Luke 2:7 states that Mary “laid Him in a manger” because there was no room for them in the kataluma, which is later translated as “guest room” in Luke 22:11. Jesus was not born in a manger, but Mary laid or placed Him in one after He was born and wrapped in swaddling cloths.

Merriam-Webster’s Collegiate Dictionary defines manger as “a trough or open box in a stable designed to hold feed or fodder for livestock.” The Theological Dictionary of the New Testament states, “It must be stated firmly that the meaning of φατνη (phatnē) here is ‘feeding-trough’; it cannot be translated as ‘stall.’”1 The Greek-English Lexicon of the New Testament states that phatnē is “a box or crib where animals feed—feed box, manger, crib (or possibly even an open feeding place under the sky).”2

As such, it makes sense in Luke 2 to translate the word as “manger” (rather than “stall”) because a manger is a feeding trough for the animals. This feeding trough was likely the proper size to place a baby wrapped in swaddling cloths, much like we use a crib today.

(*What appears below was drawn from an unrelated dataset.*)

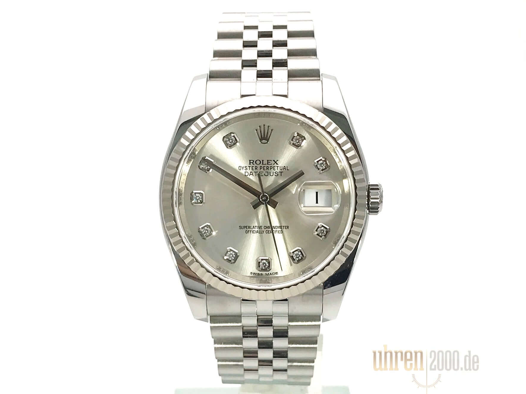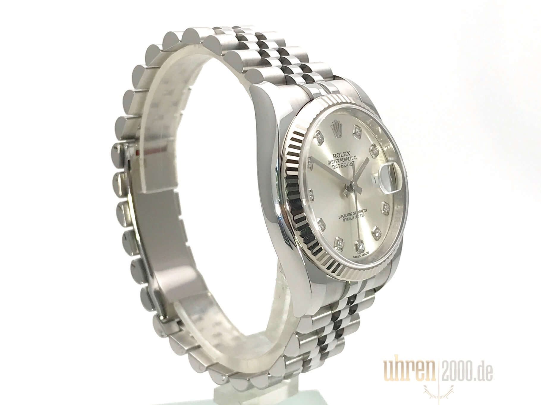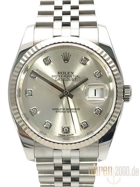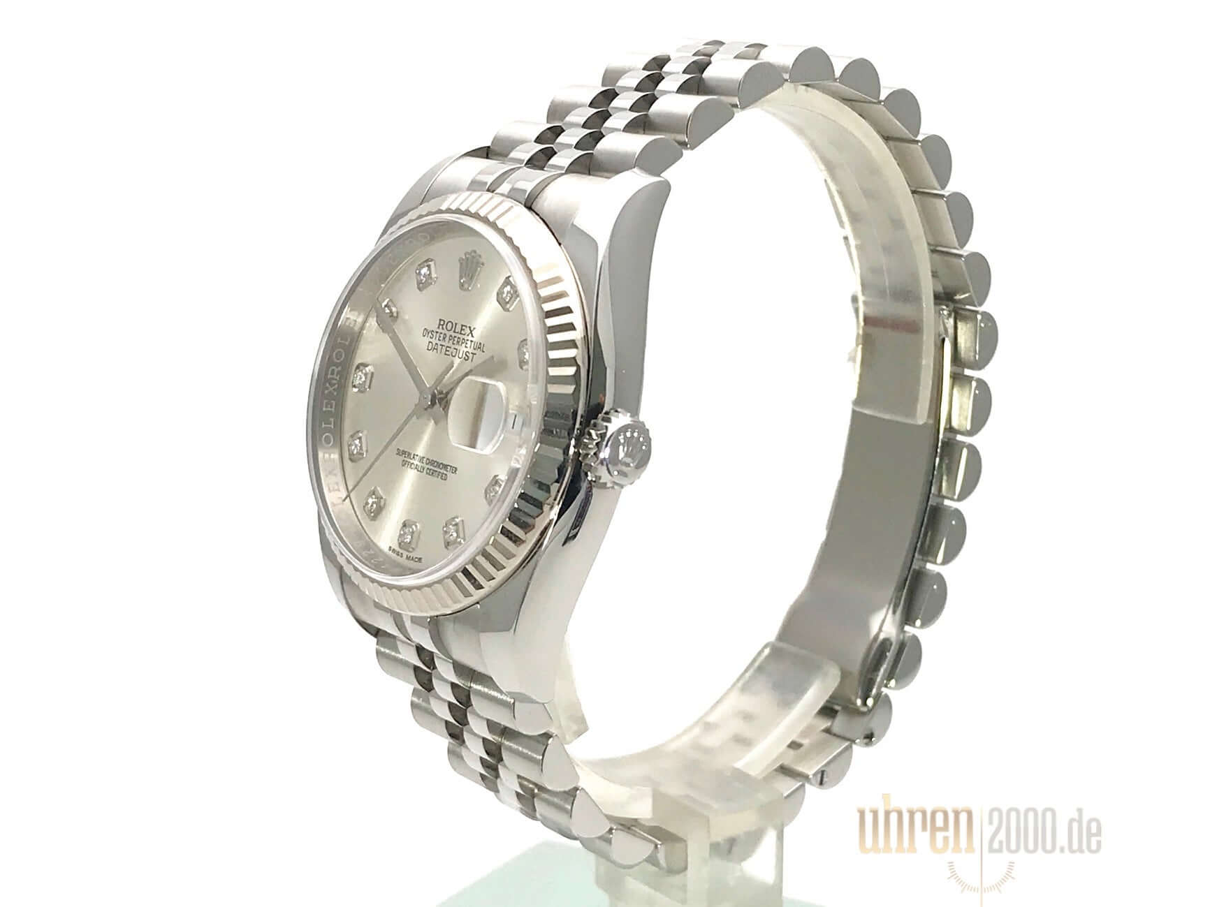 Gehäuse aus Edelstahl poliert und satiniert, Gehäusedurchmesser 36 mm, Gehäusehöhe 11,7 mm, Lünette aus 18 kt Weißgold geriffelt, Jubilé Edelstahlband poliert und satiniert mit Faltschließe, silberfarbenes Zifferblatt mit 10 aufgesetzten Diamanten, Automatik, Rolex Manufakturkaliber 3135 mit 31 Steine, 28.800 A/h, Datumsanzeige, Chronometer, Saphirglas kratzfest, Krone verschraubbar, Edelstahlboden verschraubt, Wasserdicht bis zu 10 bar.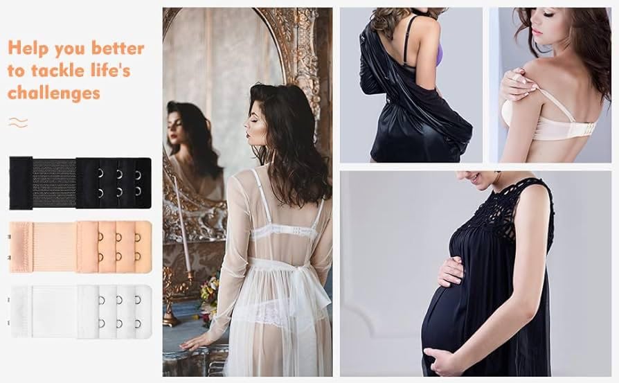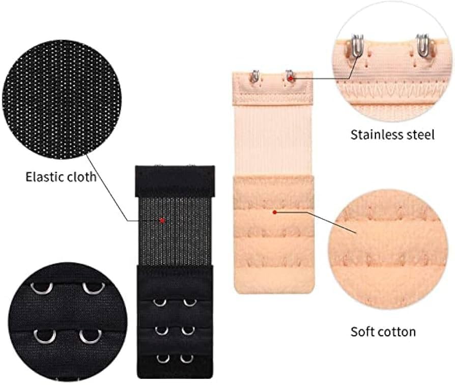 Generic - موسع حمالة الصدر، 3 قطع، 3 خطافات، ألوان متعددة (أسود، بيج، أبيض)، قابل للتمدد

The manger is not the entire stall, but is part of it. With that said, it may still be accurate to translate phatnēs as “stall” in Luke 13:15. Perhaps this is an example of synecdoche, where a limited term is used to represent the whole (e.g., in modern English “set of wheels” can mean four tires, or it can refer to the whole vehicle). Or perhaps “manger” is still a better translation of Luke 13:15, if animals were typically tied up to it in those days (in which case the manger could be in a field or along a street and not necessarily in a barn or stable).

I think you have raised a good point about including discussion of Luke 13:15. We have added a footnote to the article with some of this information.

It is extremely important for us to rightly divide the Word of truth (2 Timothy 2:15) but not “slice and dice” it. At times, we may disagree with fellow believers over the interpretation of a particular passage. In such cases (especially when the word, phrase, or passage is not a salvation issue and can rightly be interpreted in a different manner), we must learn to extend to our fellow believers some of the kindness that God has shown us rather than making accusations about one’s motives.

Thanks again for your concern about the article.

Tim Chaffey, AiG–U.S.


  1. Gerhard Kittel, Geoffrey W. Bromiley, and Gerhard Friedrich, editors, Theological Dictionary of the New Testament, electronic ed., (Grand Rapids, MI: Eerdmans, 1964), 53-54.
  2. Johannes P. Louw and Eugene Albert Nida, Greek-English Lexicon of the New Testament : Based on Semantic Domains, vol. 1, electronic ed. of the 2nd edition, (New York: United Bible societies, 1996), 69.